Why is that? What kind of training led us to believe we had to apologize?
I began playing pickleball again last year. If I had a dollar for every time a woman said, “Sorry,” when she missed a ball, I’d be a wealthy woman. I’ve said the same thing so many times I finally declared myself a sorry-free zone. Why should I apologize for missing a shot? It’s not like I meant to. Must I feel guilty because I’m not a great player? I didn’t intentionally hit the ball on the wrong side of the line. Mea culpa, mea culpa.
Of course, if I accidentally hit my partner, an apology would be warranted. I haven’t done that yet, apparently, preferring to smack myself in the face with my paddle. I didn’t apologize to myself although maybe I should have.
Looking back, I realize I’ve been apologizing my entire life. What could I have done that was so bad? What stands out is the numerous times I apologized when I hit a wrong note practicing my piano lessons. No one was in the room to hear my inadvertent miss or the apology, but apologize I did. I still don’t know why.
Who told me I had to be sorry? Or who showed me I must apologize for everything?
As I’ve gone through this life, I realize that those who should apologize rarely, if ever, do. A prime example is my older half-brother. He never once said he was sorry for the many times he hit me. Not once. Instead, he’d threaten “If you tell mom and dad, you think I hurt you this time? I’ll make it much worse next time.” I believed him and stayed silent.
In 1986, after a week-long retreat with Stephen Levine and Jack Kornfield revealed the depth of my wounding, I came home and wrote my brother a letter. I told him that while I loved him, because he had never apologized, I couldn’t be in his physical presence until he did.
Crickets.
A year later, while walking on the beach in Santa Monica with my cousin visiting from New York, she said, “Your brother’s pissed at you.”
“Really? Why’s that?”
“He said you wrote him a letter where you dumped all your shit on him.”
It may surprise you that I reacted with a sense of peace. Why? Because he freed me. I thought to myself, “Why should I believe I have to love someone who so clearly does not love me?”
And, with that, all ties tethering me to this monster were released.
All he had to do was say, “Sorry,” and I would have continued to love him despite who he is. But he couldn’t even give me that much.
Apparently, this well-read, intelligent man had missed the lesson where we learned the word sorry when we’ve hurt someone and all its healing powers.
I was in my twenties when the thought struck me that Hitler probably never felt guilty for one day of his life. If a man like him, responsible for the deaths of millions, never expressed remorse or apologized, what could I have done that was so terrible I needed to be sorry?

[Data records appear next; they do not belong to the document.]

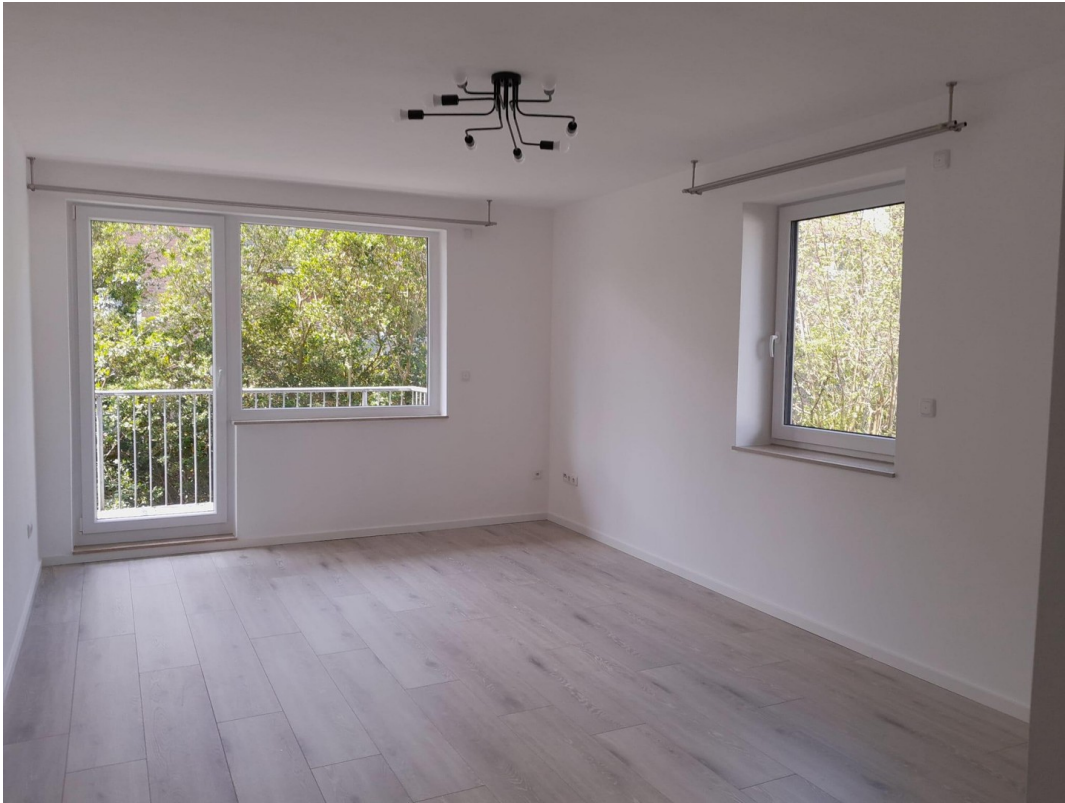
Wohnzimmer, 1. Balkon
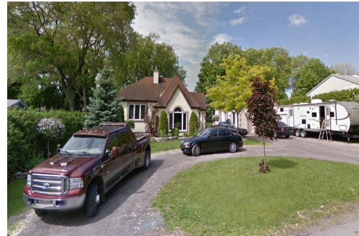
6, 29 e Avenue* (voisin de droite)
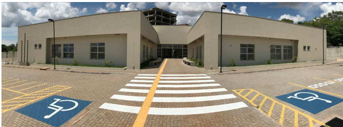
Figura 1 – Prédio do Fórum – vista externa.
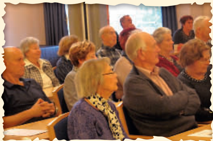
Forsamlingen følger nøye med.
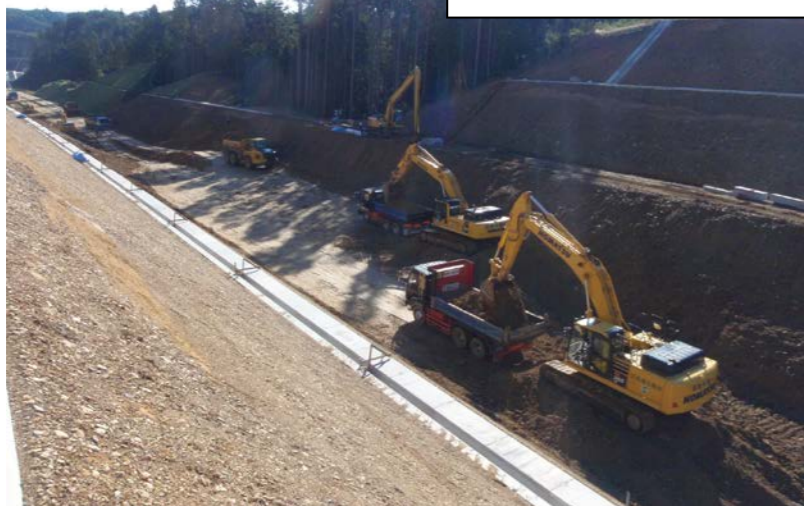
④ No.825から終点側を望む
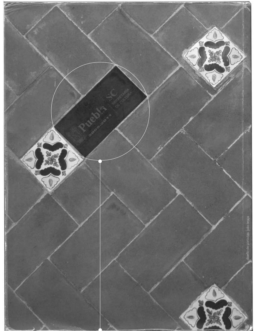
Portada y contraportada de la última reedición de Las Calles de Puebla, únicamente se da crédito y aparece logotipo del gobierno del estado.
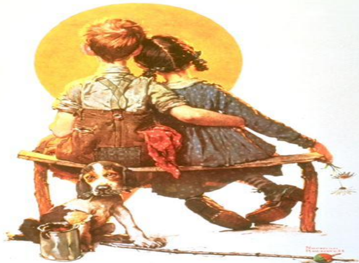
Illustration by [unreadable]
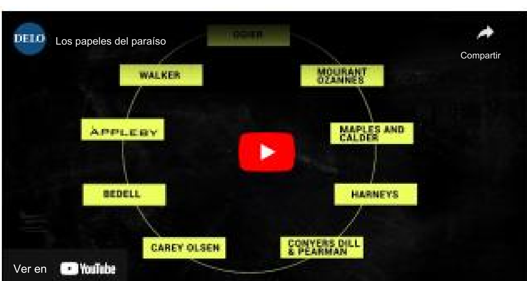
desvío de dinero
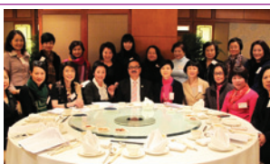
首屆婦委成立及舉行第一次會議
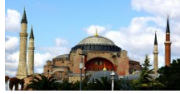
Turistler en çok Ayasofya'yı ziyaret etti

But understanding and integrating something are not the same thing. It truly took pickleball—which I think could be renamed, “I’m sorry”—to free me of the reflexive regurgitation of sorry.
Here’s hoping I don’t relapse.
You are wise. Glad your pickleball group has a no sorry rule. “[I] have always suggested that sorry was not a response to an error. Mistakes are part of the learning process.” Great statement.
Love this Ginni! I gave up saying "I'm sorry" almost seven years ago. Instead I say "Thank you for your patience, or I appreciate that you waited." I frame things in the positive rather than the negative. This is a great share...all of your work is.